Евкрат. Ах, Тиа, а ведь ты мне очень нравилась.

Тиа. Сознаюсь, что и ты мне, Евкрат...

Евкрат. Что же станет с нашей любовью?

Тиа. Будем любить друг друга в Аиде, если там встретимся.

Евкрат. Ты, действительно, решила утопиться?

Тиа. Да, пойду вниз по реке, выберу место поглубже и брошусь в воду.

Евкрат. А, может быть, вместо того повстречаешь по дороге какого-нибудь богатого купца, который тебе...

Тиа. Куда там, Евкрат. Здесь самые красивые рабыни продаются за гроши: сколько их благодаря постоянным войнам. Женщины здесь нипочем.

Евкрат. Итак, Тиа?

Тиа. Итак, прощай, Евкрат. Прощай навсегда.

Евкрат. Ты, Тиа, мужественней меня. Я еще колебался, но теперь и я решился окончательно. Прощай, и да помогут тебе бессмертные боги.

Тиа. Да помогут они и тебе благополучно перейти в царство Аида. Целует Евкрата. Прощай (убегает).
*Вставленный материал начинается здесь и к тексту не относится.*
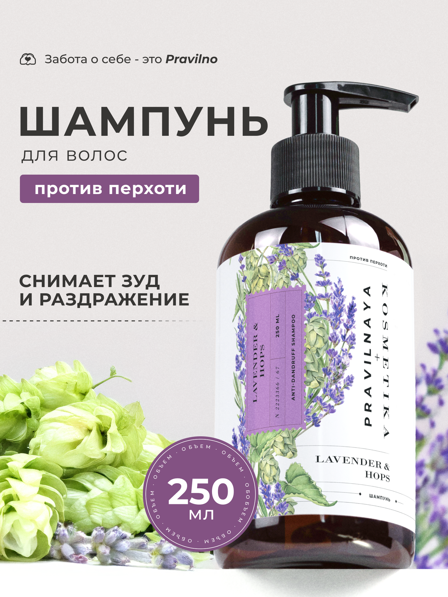 Шампунь для всех типов волос против зуда и перхоти Pravilnaya Kosmetika с ментолом, Лаванда и хмель, 250 мл информация: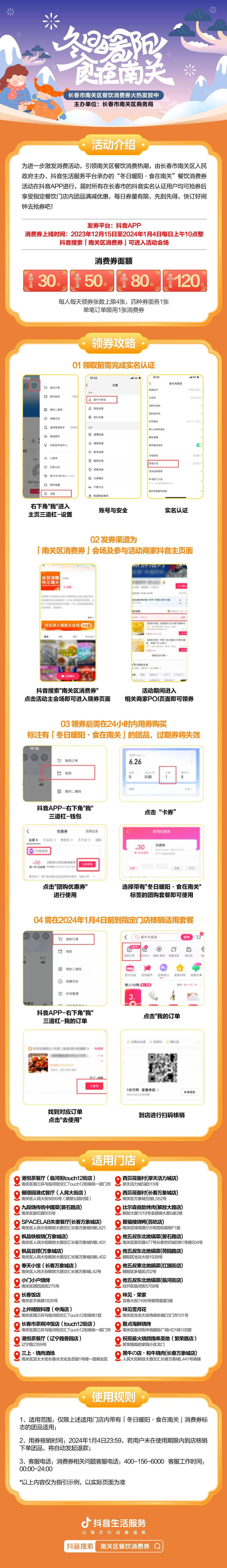 2.商家主页面领券:12月15日至2024年1月4日每天上午11点,用户需登录抖音app,搜索在南关区参与活动商户如港悦茶餐厅、俪璟园、九段烧、枫品、奉天小馆、SPACELAB失重餐厅等,点击进入商家页面即可领券并下单。 更多参与活动商家及地址请见尾部一页纸。

Евкрат. (один). Она – права. Больше мне ничего не осталось. Погибай, Евкрат, человек-угорь, чудо Афин, услаждение Александрии, удивление Антиохии (вынимает веревку и начинает привязывать ее к суку, нависающему над рекою).

СЦЕНА II

Ночь. Река. У берега – большая лодка, слабо освещенная фонарем без стекла.

В лодке – Арасп и Бубар.

Арасп. Пора плыть, товарищ.

Бубар. Куда же мы поплывем, приятель?

Арасп. Пока – вниз по течению, до залива, где сикаморы. Там мы привяжем лодку и сойдем на берег. Я знаю не очень подалеку корчму, где найдется крепкое винцо. После хорошей работы можно позволить себе удовольствие.

Бубар. А кто будет сторожить лодку?

Арасп. Тут такое пустынное место, что взять ее некому, особенно ночью. Да к тому же мы спрячем весла.

Бубар. А деньги наши! Мы ведь их потом заработали, разгромив ту встречную барку. У меня по сю пору плечо болит, как я тузил рыбака, который задумал защищать свое добро.

Арасп. Ну, что деньги?

Бубар. Здесь их оставить – утащат, с собой взять в твою корзину – непременно ограбят. Знаю я, что там за народ собирается.

Арасп. Деньги мы оставим в каюте. Дверь крепкая и заперта: ее до утра не сломаешь, а мы в один миг будем обратно. Говорю тебе: у меня без вина все нутро горит.

Бубар. Да, и я тоже довольно-таки стосковался по хорошему глотку, клянусь Гераклом.

Арасп. Ну вот видишь, а там в заливе-то лодка будет в полной безопасности. Кому по таким местам ночью ходить?

(Слышен треск. Сверху в лодку падает обломившийся сук дерева и с ним вместе тело Евкрата, которое остается лежать без сознания).

Бубар. За что? Помилуй меня Геката.

Арасп. Что за наваждение! Люди валятся с неба, словно груши с дерева.

Бубар. Это демон какой-нибудь!

Арасп. Что вздор молоть! Видишь: человек. Пощупай-ка его хорошенько, жив?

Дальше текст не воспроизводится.